Der Wald sei ein gesamtwirtschaftliches Anliegen und kein Nischenthema, mit diesen Worten eröffnete Dr. Othmar Karas, Abgeordneter zum Europäischen Parlament in Brüssel, seinen Vortrag. Die Waldpolitik selbst sei keine Europa-Kompetenz und werde selten aus der Nutzungsperspektive betrachtet. Jedoch spiele der Wald eine Rolle bei der Erreichung der Klimaschutzziele, die beispielsweise im Übereinkommen von Paris (2015) festgelegt wurden. Die Europäische Union (EU) habe die Ziele der Waldstrategie 2020+ des österreichischen Bundesministeriums übernommen, erklärte Karas. Unter Betrachtung des globalen Kontextes steigen zwar in Europa die Waldflächen, doch international sinken sie.

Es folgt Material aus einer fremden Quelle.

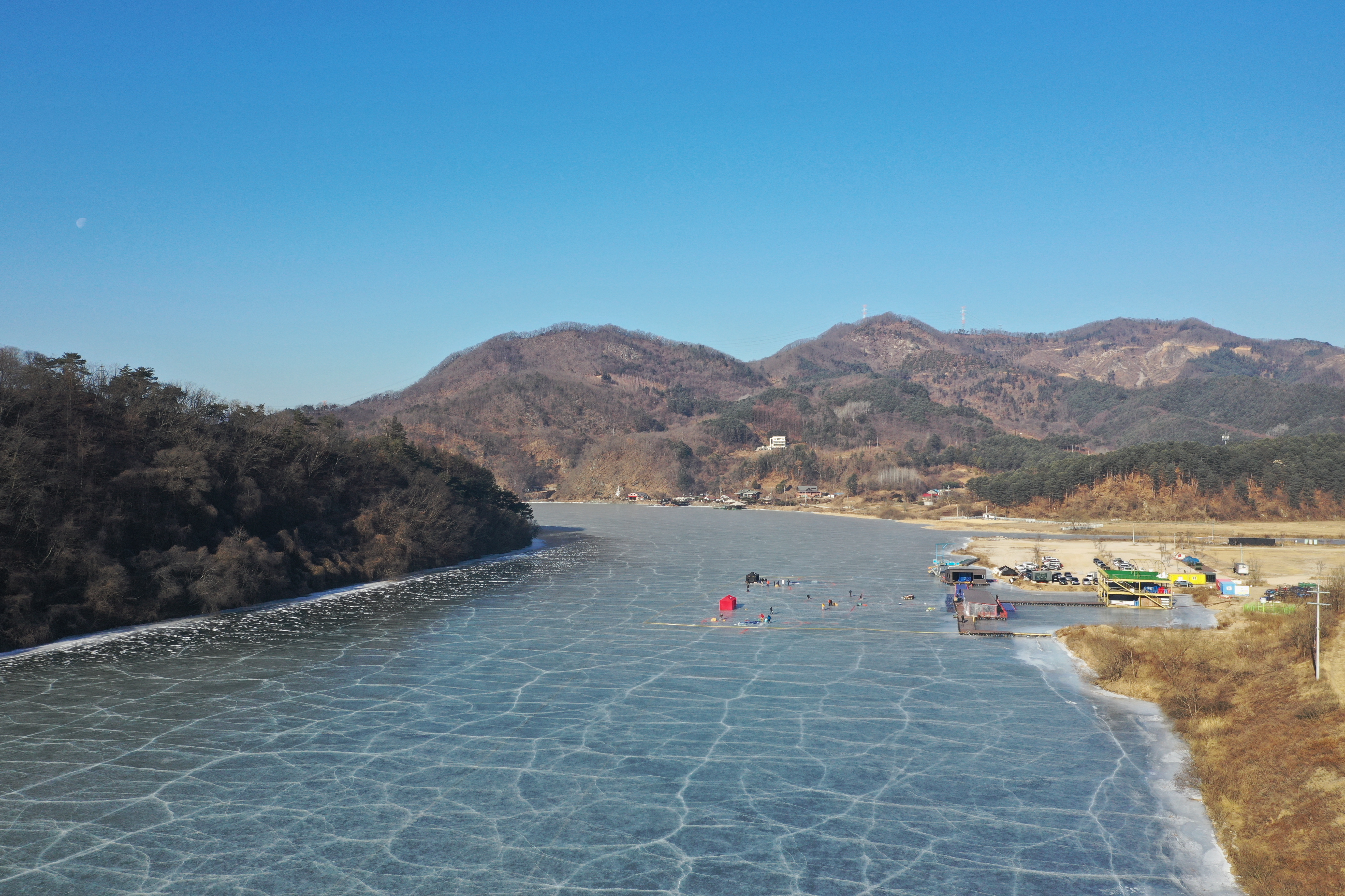 다이빙을 마친 다음에는 준비한 드론으로 항공촬영을 해보았다. 얼어붙은 북한강은 갈라져서 특이한 문양을 보여주었다. 삼각형의 구멍을 만들어 그 속으로 드나들며 아이스 다이빙을 하는 다이버들과 주변을 둘러싸고 그들을 도와주거나 구경하는 사람들의 모습도 독특한 풍경을 만들어주었다.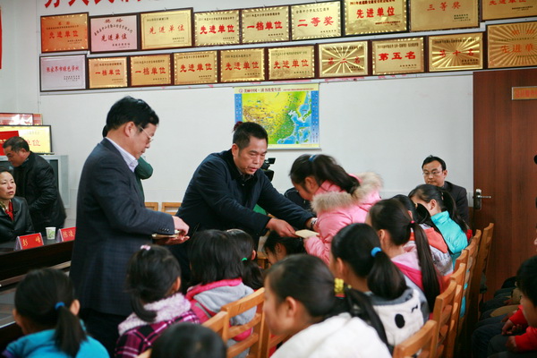 上午10点,校工会常务副主席刘志成主持了简短的捐赠仪式。桑植县教育局工会主席廖磊致欢迎词。卢向阳副书记发表了热情洋溢的讲话。卢向阳指出,早在上世纪90年代中期,湖南农业大学与马合口中心学校就结下了深厚的友谊,学校先后派出8名骨干教师对马合口学校进行支教工作。1997年农大与其他支教单位一起还修建了一栋三层楼的小学校舍。今年农大又捐赠了40多万元的物资和现金。卢向阳希望在各界爱心人士的关心支持下,马合口中心学校越办越好,让每位同学都能像习近平总书记要求的“共同享有人生出彩的机会,共同享有梦想成真的机会,共同享有同祖国和时代一起成长与进步的机会”。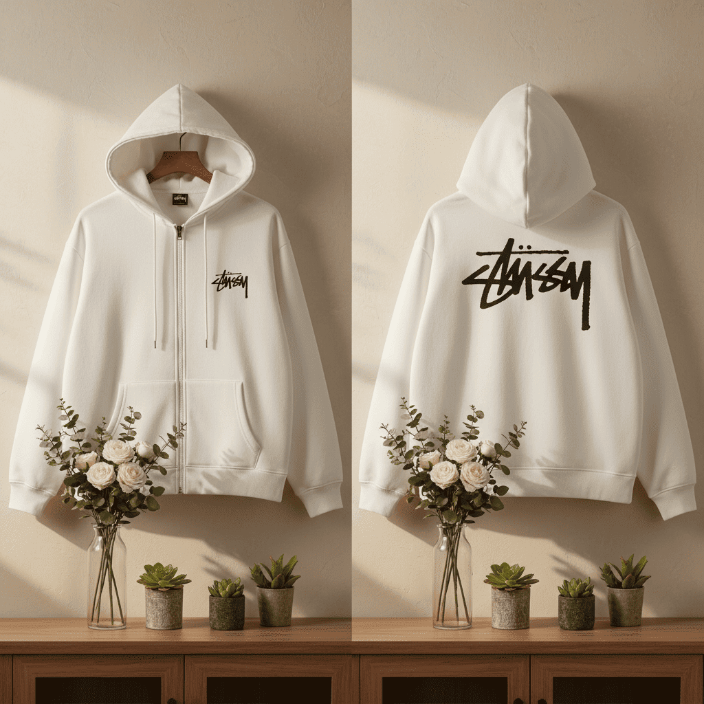 Home / Hoodies/ Stussy White Zip Up Hoodie Streetwear Pullover Jacket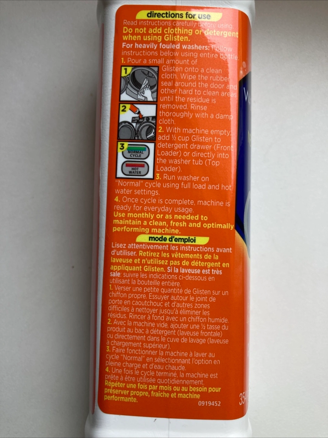 New sealed bottle of Glisten washing machine cleaner. Contains a liquid formula, to help maintain your appliances. Works for both top and side loading machines, use 1/2 cup at a time. I have several bottles and won’t go though them that fast. Retails $15 plus tax.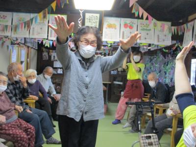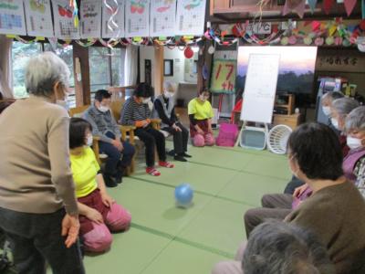 いつもでしたらごぼう先生と一緒に体操を楽しむんですが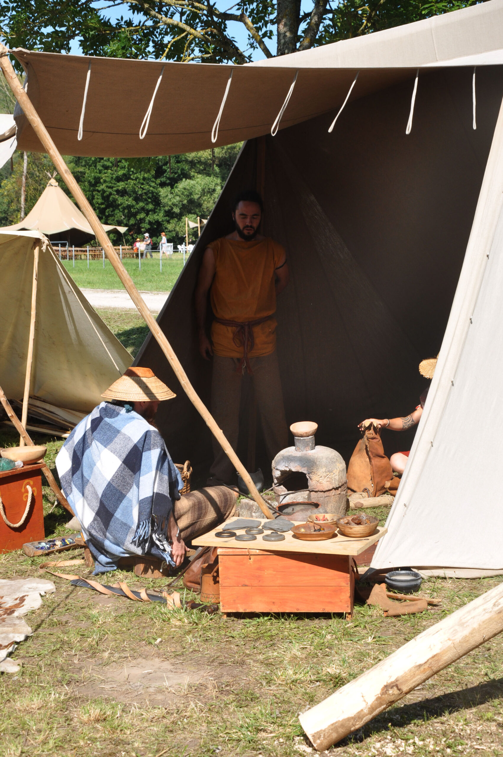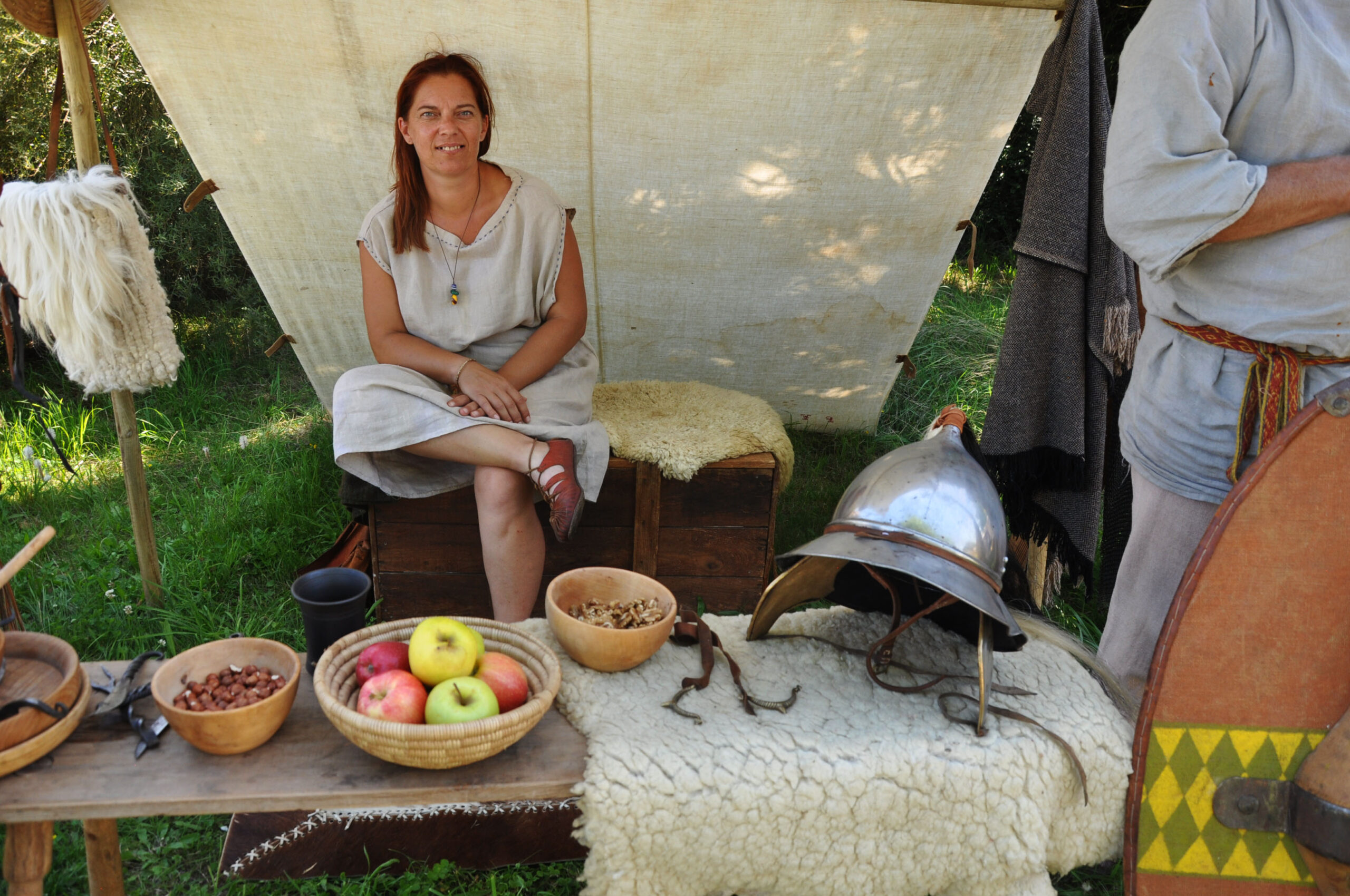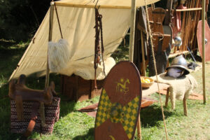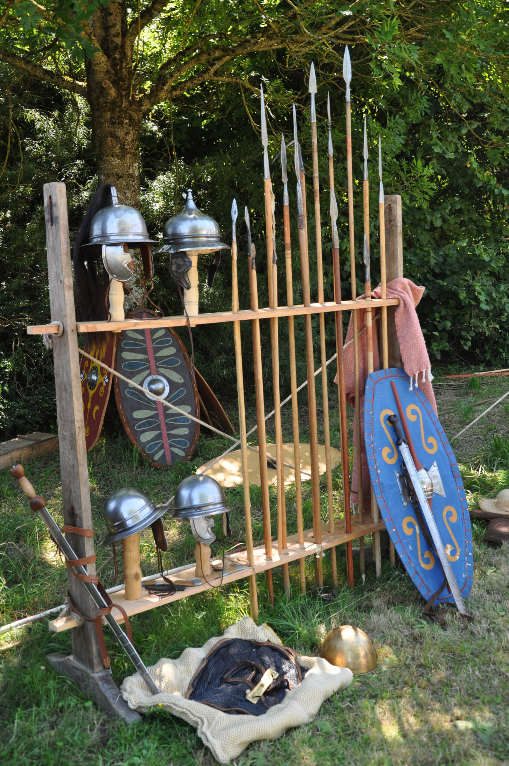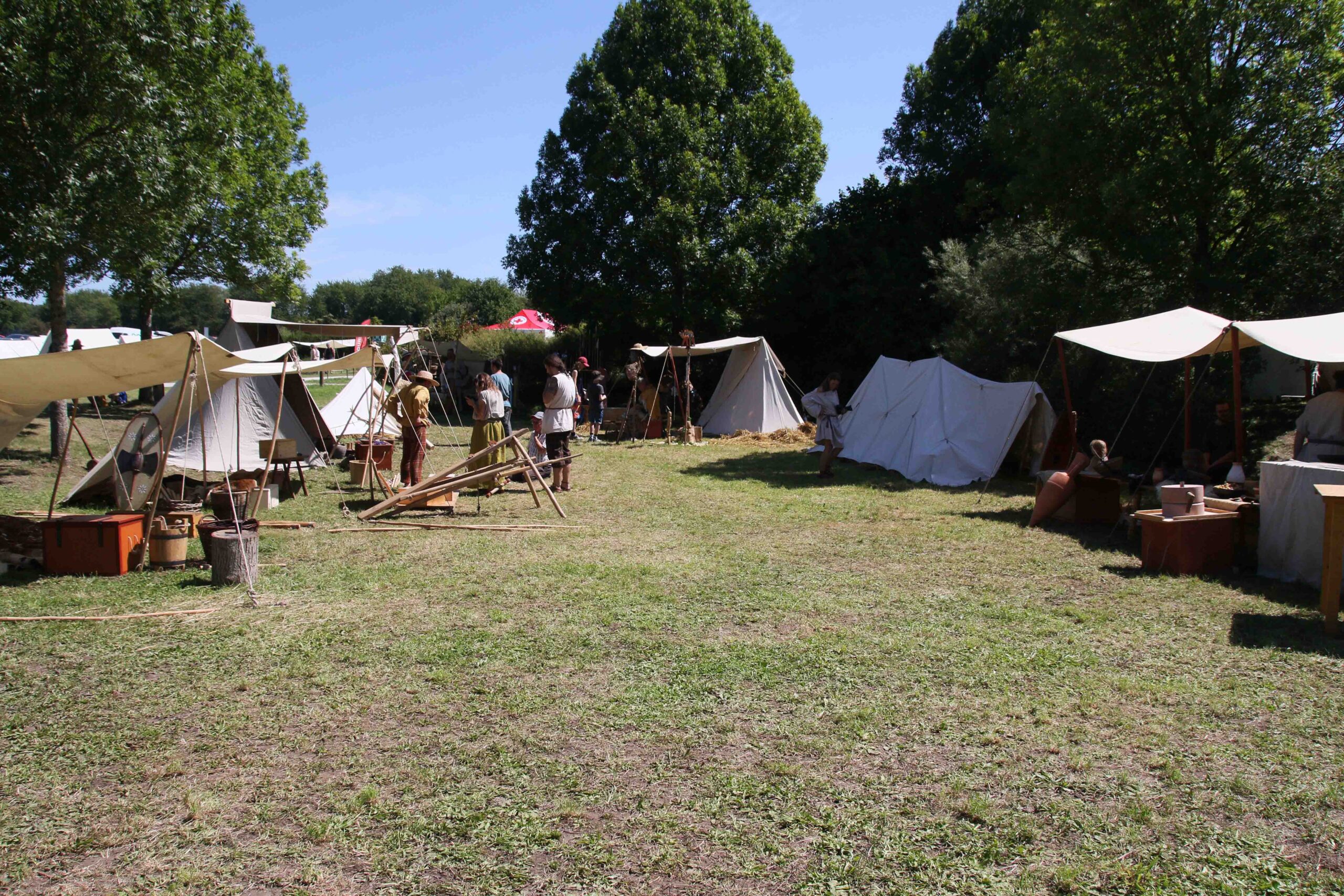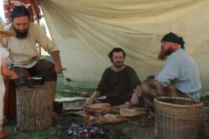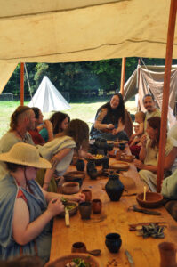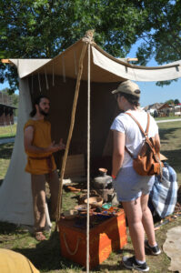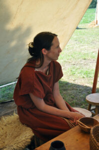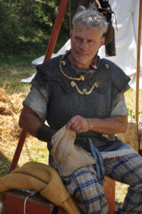 Tout au long du week-end, nous avons eu le plaisir d’accueillir de nombreux visiteurs autour de nos ateliers d’artisanat. Ils ont pu découvrir et échanger avec nous sur le travail de la laine, l’alimentation au quotidien, l’armement et la cavalerie, la vie en société, ainsi que sur le travail du cuir, du verre, du bois et de la forge. Ces démonstrations concrètes ont suscité une grande curiosité, permettant d’expliquer de manière vivante et interactive des savoir-faire hérités de l’Antiquité.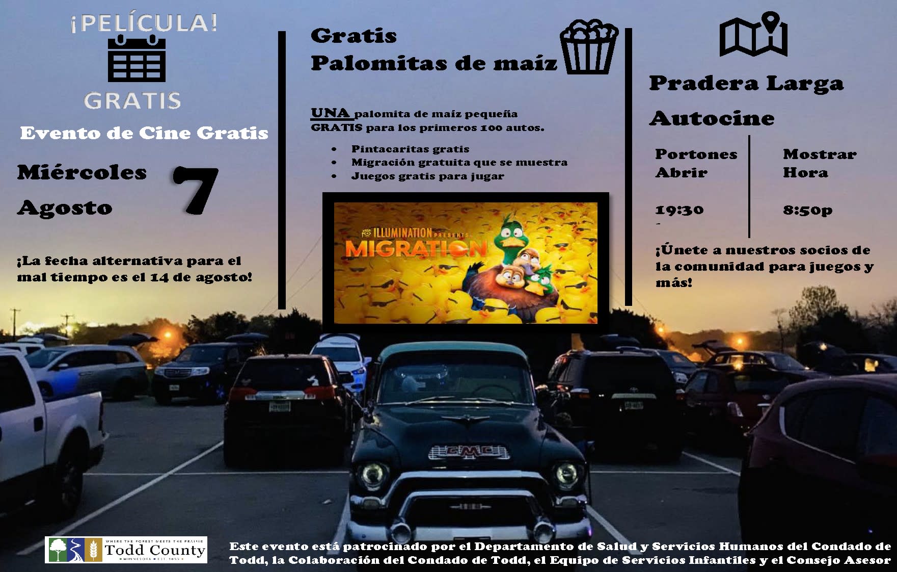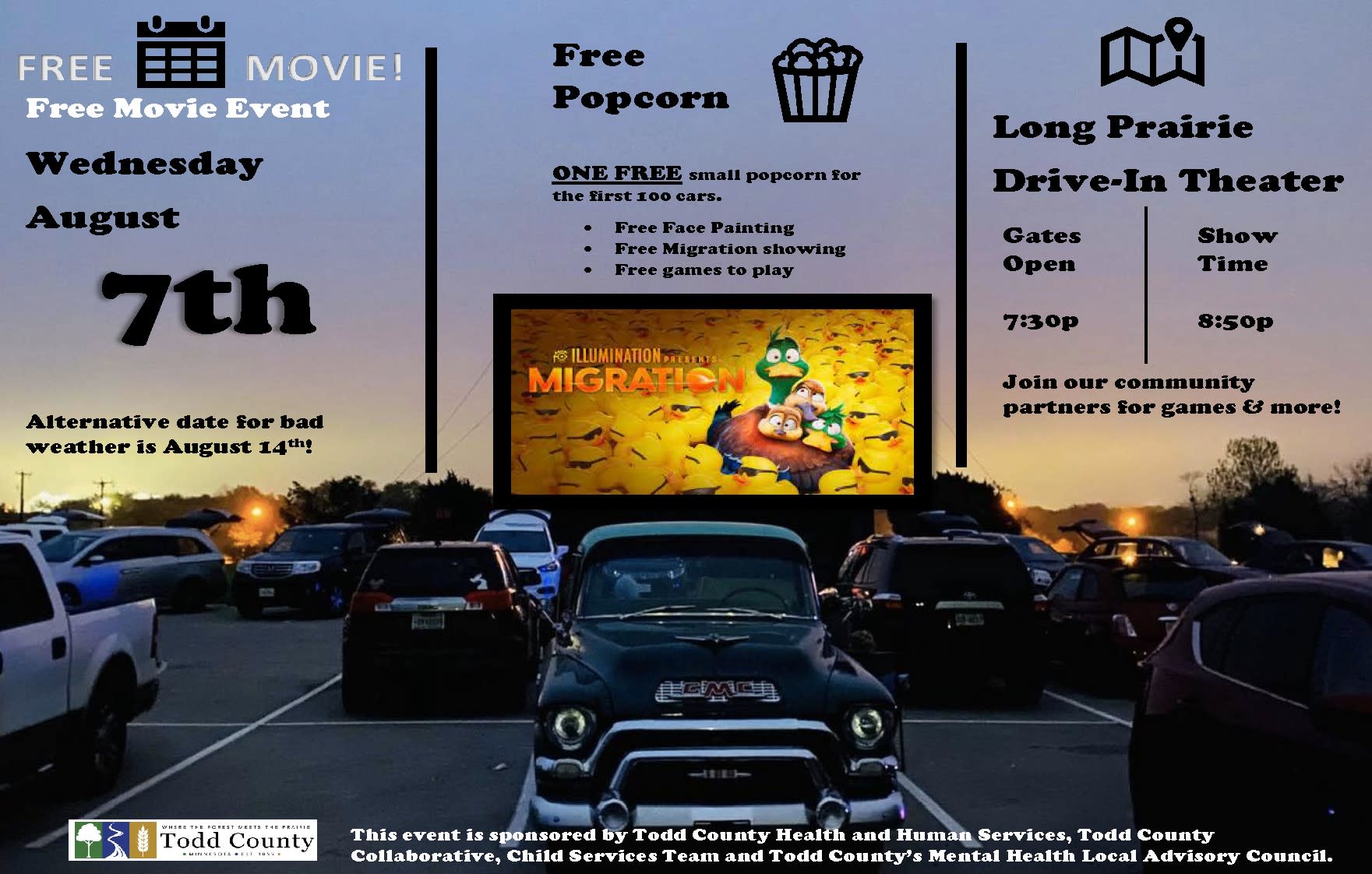Enjoy 'Migration' at the Long Prairie Drive-In with FREE popcorn, face painting, and games! / Disfruta de 'Migración' en el Autocine de Long Prairie con palomitas gratis, pintura de caras y juegos!Images

Der Experte warnte vor Holzimporten aus nicht europäischen Ländern, diese stammen aus keiner nachhaltigen Bewirtschaftung. „Die Forstwirtschaft soll nicht die Umweltsünden anderer Emittenten ausbaden müssen“, verdeutlichte der EU-Parlamentarier seinen Standpunkt.
Karas ergänzte in der anschließenden Diskussionsrunde: „Wir sind Teil der Klimaschutzstrategie und uns einig, dass wir ein Gesamtkonzept brauchen. Es ist immer ein Kreislauf. Hier gilt es, die Nahtstellen zu anderen Sektoren zu finden und diese zu berücksichtigen.“ Der EU-Abgeordnete vertraue dabei auf Bundesministerin Elisabeth Köstinger, die sowohl die nationale als auch europäische Seite kenne.
Klima- und Naturschutz (k)ein Gegensatz
Gut besucht war die Wintertagung des Ökosozialen Forums in der Sky-Lounge der Wirtschaftskammer Österreich in Wien © E. Feichter
Über die Bioökonomie- und Energiestrategie Österreichs informierte Franz Maier, Präsident des Umweltdachverbandes. Die Klima- und Energiestrategie soll bis Mitte 2018 im Regierungsprogramm beschlossen werden. Diese enthalte eine 100 %ig erneuerbare Energie im Strombereich bis 2030, eine Balance zwischen Nachhaltigkeit, Wettbewerbsfähigkeit und Versorgungssicherheit sowie Maßnahmen zur Steigerung der Energieeffizienz.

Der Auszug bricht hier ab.